With nearly 2 million acres burned and 350 homes destroyed by wildland fires, many residents are reluctant to leave their neighborhoods. At least a few decided to make a stand, with or without official sanction.

"In our area, the fact is that the homes that belonged to the ones who stayed behind were still standing and a lot of the homes from which people fled were burned," says Revis Daggett, an inn owner in Fort Davis, Texas, whose home was briefly threatened by the still-burning Rockhouse fire. "That's something people are thinking about."

IN PICTURES: Texas wildfires

Ignoring wildfire evacuation orders "is a really dangerous game," says Debbie Miley, executive director of the National Wildfire Suppression Association. "They're not outfitted with all the gear and training that a wildland firefighter has to have.

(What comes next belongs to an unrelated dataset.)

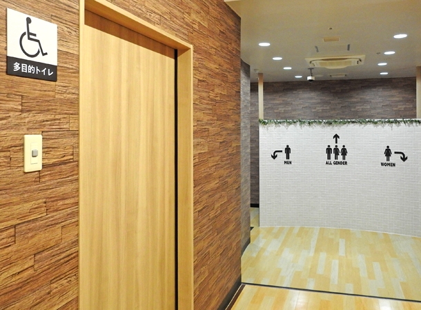 | メモ | : | 建物の2階にあります。 オールジェンダートイレ バリアフリートイレ 男性用トイレ 女性用トイレ ◎ダイバ−シティを目指し、LGBTQ+にも配慮した「個別トイレ」 『ちがいを ちからに 変える街。渋谷区』をスローガンに掲げ、渋谷区が推進する「ダイバーシティ型のまちづくり」にも積極的に取り組む。中でも注目は「男性用トイレ」「女性用トイレ」、障がい者や赤ちゃんを抱える親子向けの「多目的トイレ」に加え、性的マイノリティ(LGBTQ+)に配慮し、性差関係なく誰でも自由に使える「ALL GENDER(オールジェンダー)の個室トイレ」を導入している。隣の男性、女性トイレが混み合っているときなどにも便利だ。 地下1階から地上6階の計7フロア |
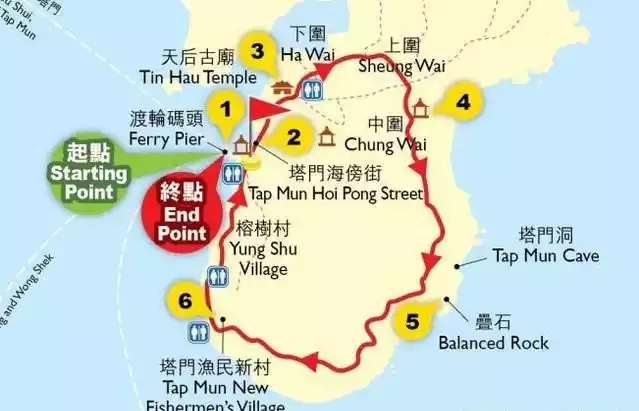 Tap Mun Island is neither big nor small. For ordinary tourists, it is recommended to take the following tour route.

It's scary to watch them [stay behind] with a garden hose and a T-shirt on. They're really taking their life into their own hands."

The sheer size and speed of this year's Texas wildfires have sorely tested the Texas Forest Service, now backed by the US Forest Service. During the hottest, windiest parts of the heaviest-fire days, nearly 1,800 firefighters from 33 states must revert to playing defense as the fire "heads" raged uncontrolled.

Most are evacuating

To be sure, the vast majority of people in wildfire-struck areas did heed evacuation orders, which Mark Stanford, fire operations chief of the Texas Forest Service, attribute to greater fire awareness. At least 10 entire towns and dozens of individual neighborhoods and subdivisions have been evacuated over the past few months, usually for brief periods of time.